Technology

YouTuber Takes On AI Bots To Protect Content From Being Stolen

Published on February 3, 2025

A YouTube creator has developed a novel approach to deterring AI-powered content theft by exploiting an old subtitle format’s advanced features to contaminate automated transcript collection.

According to Ars Technica, F4mi is trying to protect her content by seeding her transcripts with junk data that is invisible to humans but harmful to any AI that dares to try to work from a poached transcript file. What the YouTuber is doing is poisoning “any AI summarizers that were trying to steal my content to make slop.” And by ‘slop’ she means knock-offs produced by faceless YouTube channels that use AI tools to generate content out of someone else’s work.

F4mi, known for creating technology-focused content, has implemented a strategy using Advanced SubStation Alpha (.ass) subtitle files to insert invisible text that confounds AI summarization tools.

The method involves placing out-of-bounds text segments with zero size and transparency alongside legitimate subtitles, effectively hiding content that only becomes visible to AI systems attempting to scrape the transcripts.

The hidden content combines public domain works with AI-generated text containing intentionally incorrect information. When processed by common AI summarization tools, these invisible elements overwhelm the actual content, producing unusable output.

Implementation Challenges

While the technique shows promise, it faces several technical limitations. YouTube’s platform doesn’t directly support .ass files, requiring conversion to their proprietary .ytt format. Mobile users have reported issues with the modified subtitles, including visible black boxes over videos and application crashes due to processing demands.
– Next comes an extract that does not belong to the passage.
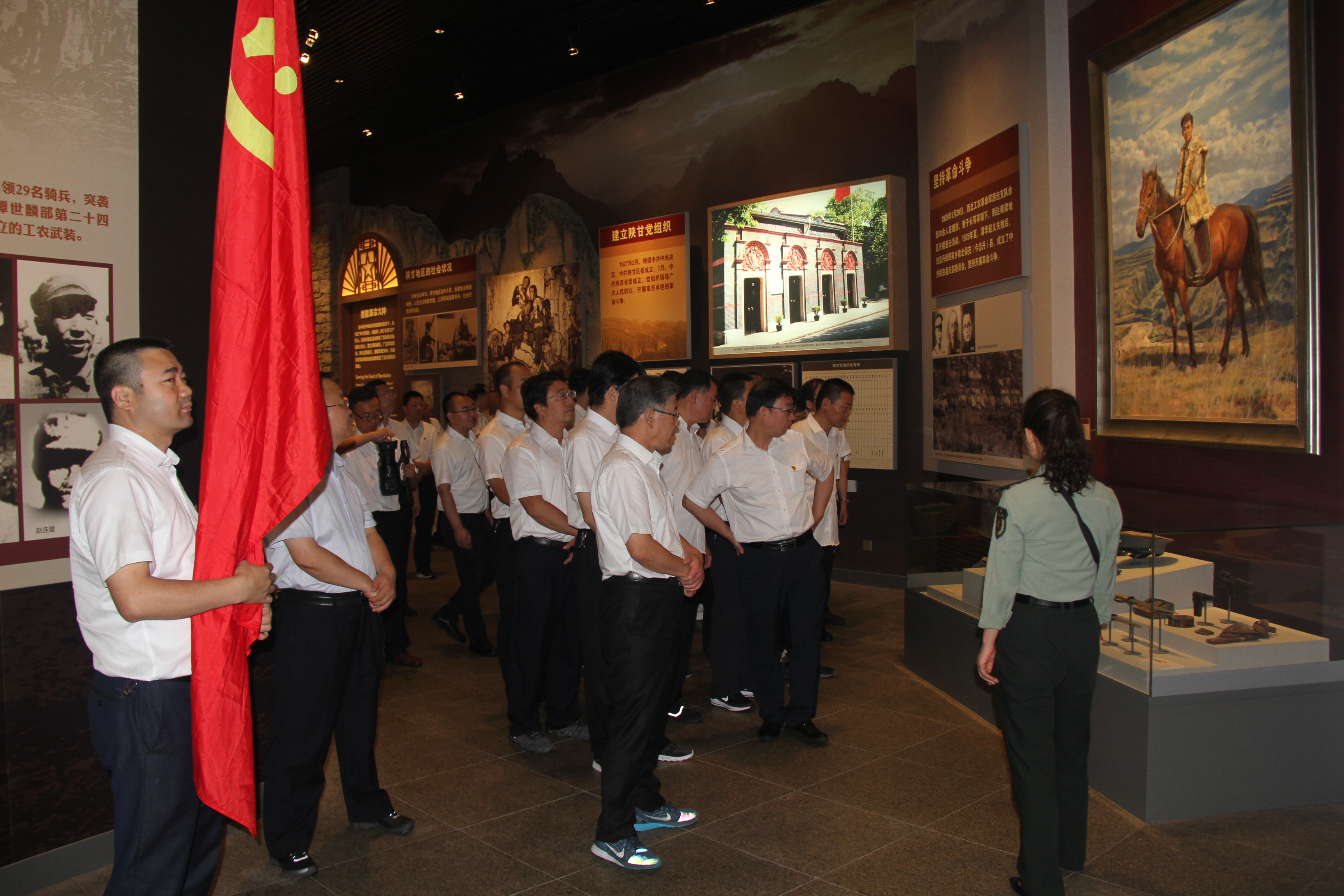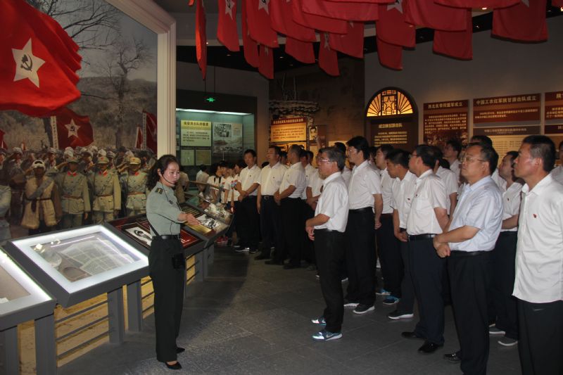 7月8日,全體黨員來到了位于慶陽市華池縣南梁鎮(zhèn)荔園堡村、原陜甘邊蘇維埃政府所在地的南梁革命紀念館進行參觀學習。該館是為了紀念20世紀30年代初劉志丹、謝子長、習仲勛等無產(chǎn)階級革命家開展游擊活動、在此建立陜甘邊區(qū)蘇維埃政府而修建的。在南梁革命烈士紀念碑前,全體黨員莊嚴肅立,共同向革命烈士默哀致敬,并敬獻了花籃。在南梁革命紀念館內(nèi)大家跟隨者講解員的腳步,共同回顧了陜甘邊區(qū)革斗爭史的文字、繪畫、圖片和實物,了解了劉志丹、謝子長、習仲勛等老一輩革命家在陜甘邊區(qū)開展游擊活動并在此建立蘇維埃政府的革命歷程。在館內(nèi)播放的主題宣傳片《夢起南梁》則讓大家更加深刻感受到在創(chuàng)建陜甘邊紅色政權(quán)的偉大實踐中,老一輩革命家百折不撓的斗志,堅定無比的信念意志,也同時學習到了南梁革命“求實創(chuàng)新、敢為人先;心系群眾、艱苦奮斗;百折不撓、信念堅定”的豐富精神內(nèi)涵。在此次參觀學習結(jié)束之前,全體黨員在講解員的帶領下集體合唱了《繡金匾》、《軍民大生產(chǎn)》等隴東民歌,點燃了大家追憶革命歷史,緬懷革命先輩,傳承發(fā)揚革命精神的熱情,將此次紅色教育主題黨日活動推向了高潮。

F4mi has addressed these mobile display issues through a custom Python script that conceals the additional text as black-on-black content during video fade-to-black moments. However, Ars Technica notes this solution creates additional overhead that can impact performance on mobile devices.

Current Limitations

The method’s effectiveness varies across different AI systems. Advanced models like ChatGPT can sometimes filter out the intentionally inserted content to produce accurate summaries. Additionally, the technique doesn’t prevent transcription by audio-based AI tools like OpenAI’s Whisper or screen readers that can extract visible subtitles.

Despite these constraints, the approach represents an emerging response to automated content repurposing, particularly targeting “faceless YouTube channels” that use AI tools to generate content from existing creators’ work.

The development comes as content creators face increasing challenges from automated channels that employ AI tools to generate scripts, voiceovers, imagery, and music without human intervention.

WIRED recently reported that major tech companies used content from thousands of YouTube videos to train AI models without creators’ knowledge or consent. Subtitles from 173,536 YouTube videos, sourced from over 48,000 channels, were utilized by prominent tech firms, including Anthropic, Nvidia, Apple, and Salesforce.

Dave Wiskus, CEO of Nebula, a streaming service partially owned by creators, described the practice as “theft,” adding that it’s “disrespectful” to use creators’ work without consent.